-- Exercise goal --
Please output the lines from the one with "今日汇率 2024-01-17" through the end of the data exactly as written, omitting all pictures.

-- Dataset content --

□ □ □ □

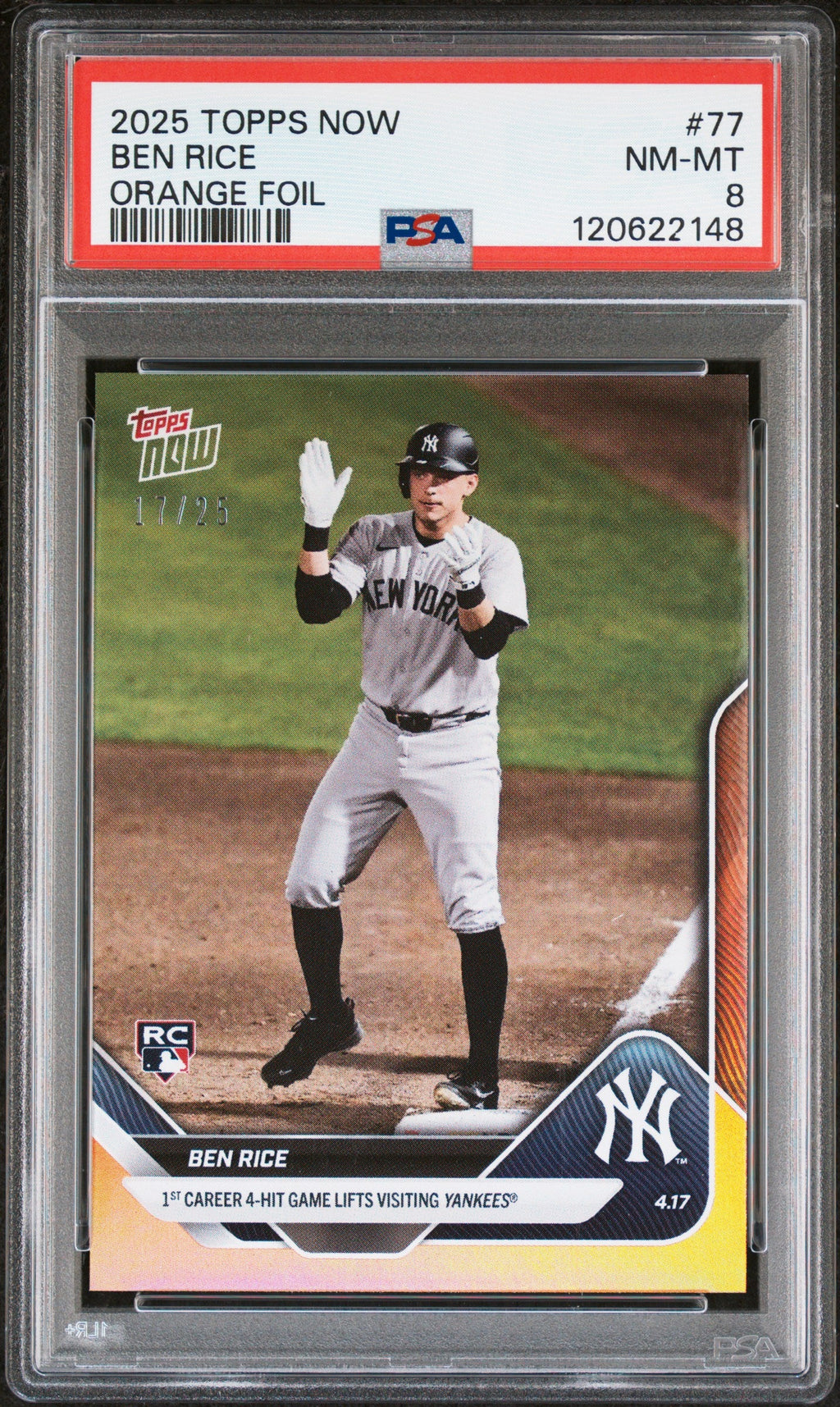 Graded 2025 Topps Now Ben Rice #77 Orange Foil /25 Rookie RC Baseball Card PSA 8 Near Mint
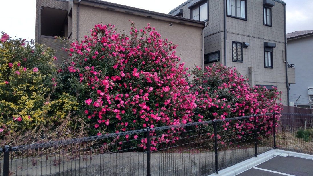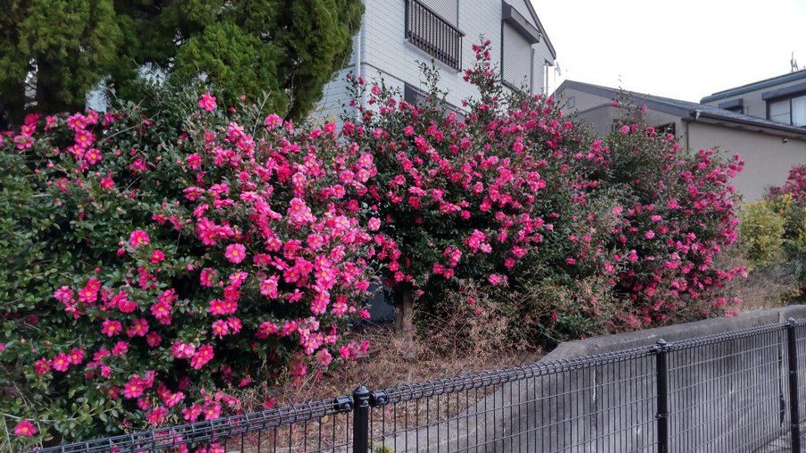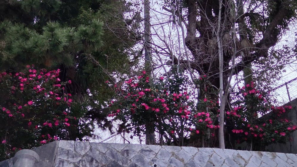 1月7日(水)本校の椿が満開を迎えています。本校には校舎東側の裏山法面下から農園までと校庭西園地に椿が植わっていますが、今、赤い綺麗な花をたくさんつけています。特に校舎東の農園近くは見事です。是非一度見てください。
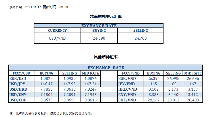 今日汇率 2024-01-17
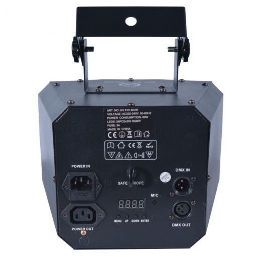 SIX EYE BEAM posiada również wygodny uchwyt montażowy, dzięki któremu może być instalowany na statywach, kratownicach i rampach oświetleniowych. To łatwe w obsłudze i stosunkowo tanie oświetlenie efektowe o bardzo szerokim spektrum zastosowań. Świetnie sprawdza się jako efekt centralny lub uzupełniający dla DJ-ów, zespołów muzycznych czy podczas mniejszych eventów.

□ □ □ □

-- Output for this exercise --
 今日汇率 2024-01-17
 SIX EYE BEAM posiada również wygodny uchwyt montażowy, dzięki któremu może być instalowany na statywach, kratownicach i rampach oświetleniowych. To łatwe w obsłudze i stosunkowo tanie oświetlenie efektowe o bardzo szerokim spektrum zastosowań. Świetnie sprawdza się jako efekt centralny lub uzupełniający dla DJ-ów, zespołów muzycznych czy podczas mniejszych eventów.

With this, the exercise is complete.